On one hand, this development took porn to a level of almost total diffusion, but it also nearly destroyed the business itself. The old production houses still lived on the sale of DVDs and monthly subscriptions to access their content. With Pornhub, many downloaded videos from the original sites and re-uploaded them to "Tube" platforms (which in the meantime multiplied like mushrooms), allowing millions of users to watch paid content completely for free and infinitely, turning the content into a free and omnipresent "commodity."
Now I decide!
2016 is the date to remember. This year is surely the year where Sex Working changed completely and became a common term. In 2016, OnlyFans was founded by Tim Stokely. Initially, the platform was meant to be a direct contact platform between creators and benefactors. It wasn't designed exclusively for sex, but its structure (no intermediaries, direct subscriptions, total control of content by the creator) and no preemptive censorship—which occurred on social media and Patreon—made it the perfect tool for sex workers.
The business of sex working, until that moment, was always based on the "product" (the video, the erotic chat, paid sex, or the lap dance), never on the relationship between fan and performer. Those who offered and those who consumed lived on two different levels.
With OnlyFans, the mentality changes: the fan doesn't pay for the sexual product itself, but for the direct access to the person, the interaction, and the sense of exclusivity. Now, paradoxically, many sex workers voluntarily publish some free content on "Tube" platforms, then lure the user to OnlyFans to earn money through paid chats, sending used clothing, and creating personalized content.

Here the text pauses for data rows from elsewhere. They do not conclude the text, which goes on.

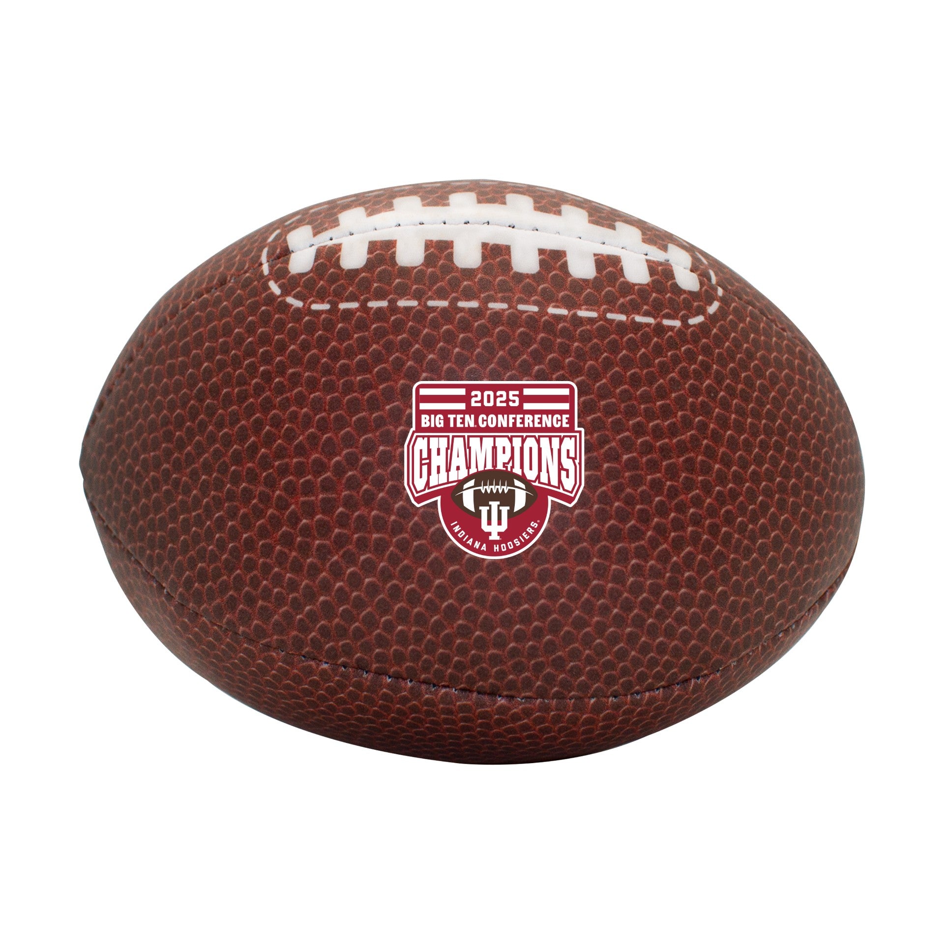 Go Big Red! Pick up this Indiana Football Big Ten Champs merch to show your Hoosier spirit. This plush football features a football-like pattern with a red and white Big Ten Conference Champions logo perfect for celebrating the Hoosiers' historic season. Once people see you with this IU Football, they’ll want one too! This is an officially licensed collegiate product.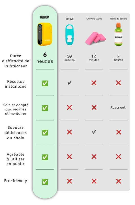 FreshAura agit sur la cause des odeurs (les bactéries buccales), pas seulement sur le parfum.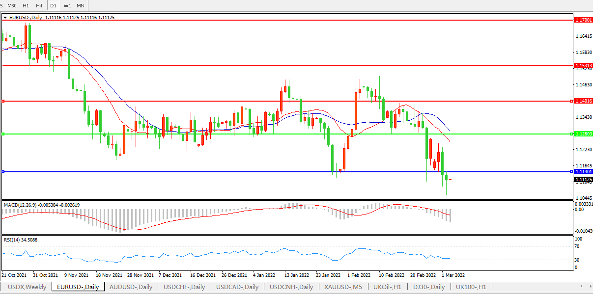欧元兑美元EURUSD   日线图: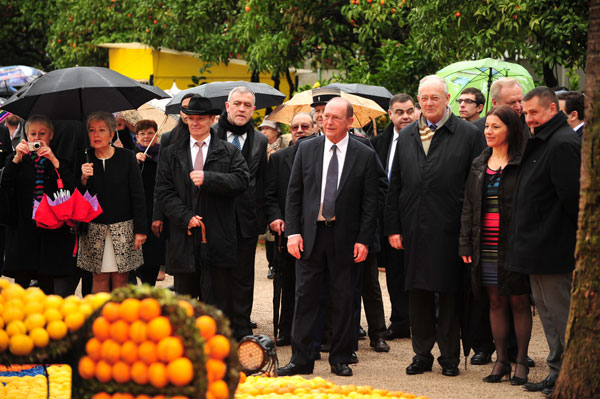Captain Nemo noted in the logbook of the Nautilus that the 81st Fete du Citron was inaugurated by MP-Mayor of Menton, Mr Jean-Claude Guibal accompanied by many personnalitues including Jacques Boisson, Secretary of State and Michel Roger, Ministre of State, representing SAS the Prince Albert Ier of Monaco, Jean Daniel Montet Jourdran, Vice-Prefect of Alpes Maritimes, Giuseppe La Rosa, Prefect of Vintimille, Serena Lippi, General Consul of Italie in Nice, Wolfgang Gerstner, Mayor of Baden Baden. The officials visited the Boviès garden, admired the exhibition of colorful motifs and were honored by a traditional musical aubade and dance.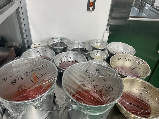 写真はカレーライスに入る調味料の一部です。材料ごとに計量しボウルに入れてわかりやすくしておきます。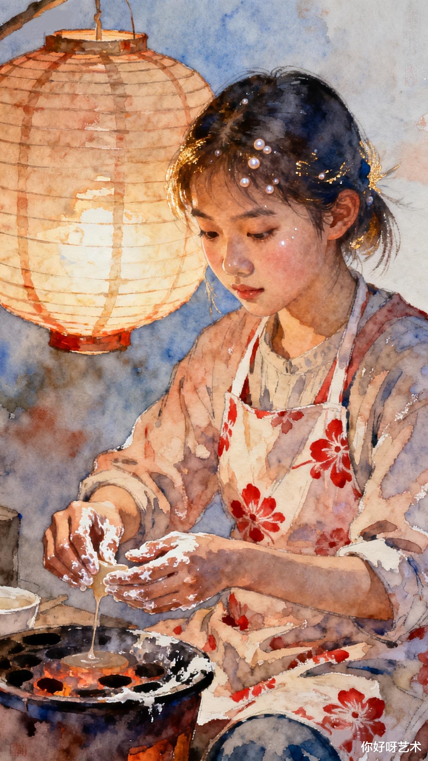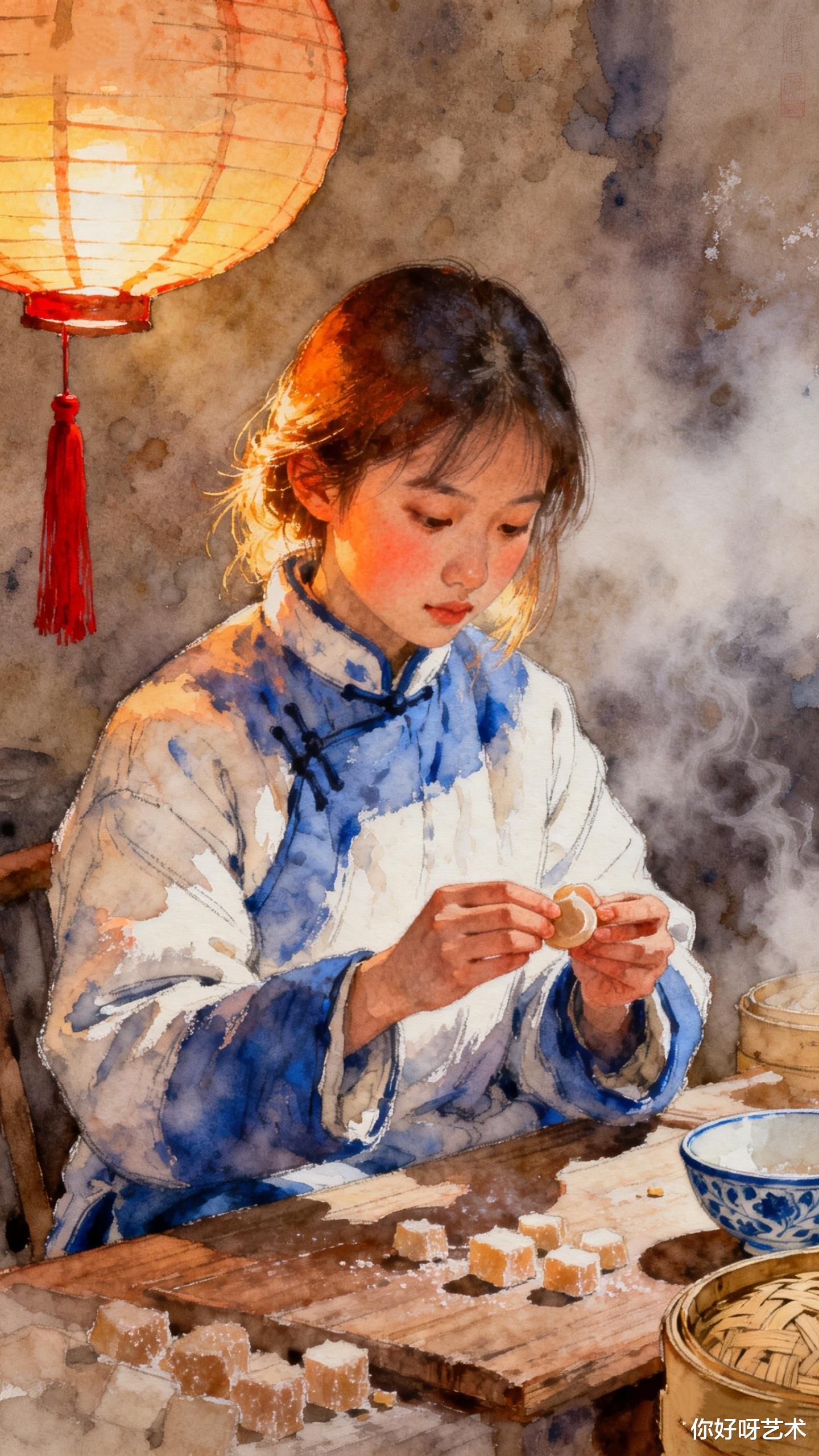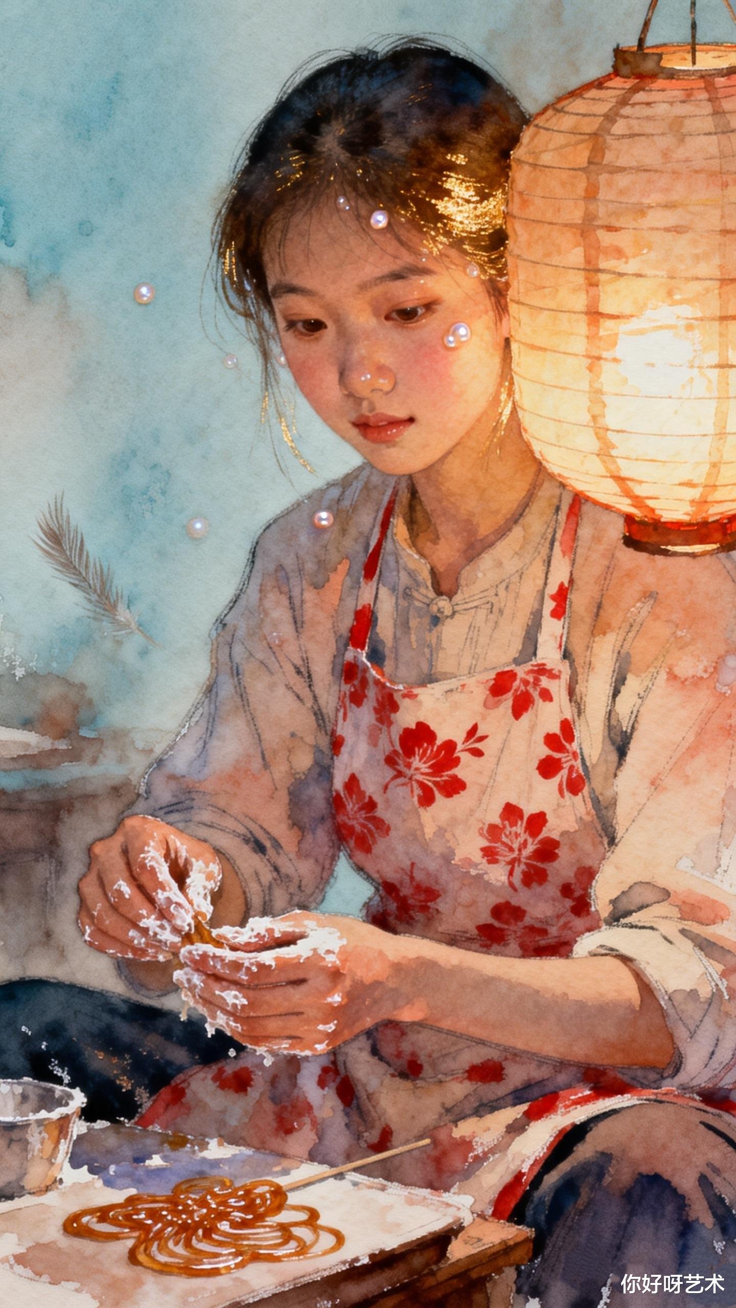 “今日要熬灶糖。”小葵对着铜镜系上靛蓝围裙,发梢别着的银簪是母亲所赠,随着动作在晨光里闪出细碎的光。她总爱在围裙上别一支新折的梅枝,说是“把春天别在糖锅边”。灶台上的铁锅已烧得滚烫,小葵将泡发的麦芽轻轻倒入锅中,豆汁顺着石槽流下,汇入木桶中。水彩的颜料盒就搁在灶台边,钴蓝、赭石、朱砂在瓷碟里晕开,像把整个冬天的色彩都揉进了糖浆里。

Why is Sex Working useful?
In this society, Sex Working is economically terrifying, with staggering figures, and socially frightening due to a sense of progressive degradation. We have been on earth for hundreds of thousands of years, society as we know it today has been standing for thousands of years, and yet Sex Working hasn't changed a bit: wealthy and socially controversial. Now, aside from the fact that sex working would be the perfect relief valve for humanity, what few know is that culturally and economically, the sex industry has always been a technological "Early Adopter" and a social "Early Adapter."
Early Adapter.
Sex working has always been at the forefront of reading the customs and habits of a particular era. We all know it: generations change, mindsets change, and therefore laws and habits change. What was "cool" in the 80s is now obsolete. What hasn't changed is human imperfection. Every era has always left gray areas or unregulated zones. Sex Working has been a master in this sense, exploiting all those gray areas that a moralistic society always (on purpose) leaves behind to use certain services.
If Sex Working had been a rigid social reality, it would have broken, but being very fluid, it was able to move through the folds that the "respectable" society left behind. Because let's remember: the world hates sex working, only to spend billions on it.
Early Adopter.
Many of the innovations we use today were initially pushed by this sector. You will never believe it, but online payments were perfected by sex working, not by mainstream commerce. Amazon & Co. arrived later. Sex working arrived first, because customers needed a secure and discreet transaction system with credit cards.
Seamless video streaming, which we love madly today, is another technology that came from pornography. If we adore Netflix now, it is thanks to naked women in front of a camera. The technology to see videos without buffering was pushed by the necessity of viewing fluid erotic content. Think of the frustration of having your penis in hand or your vagina wet and a video that stopped every 30 seconds.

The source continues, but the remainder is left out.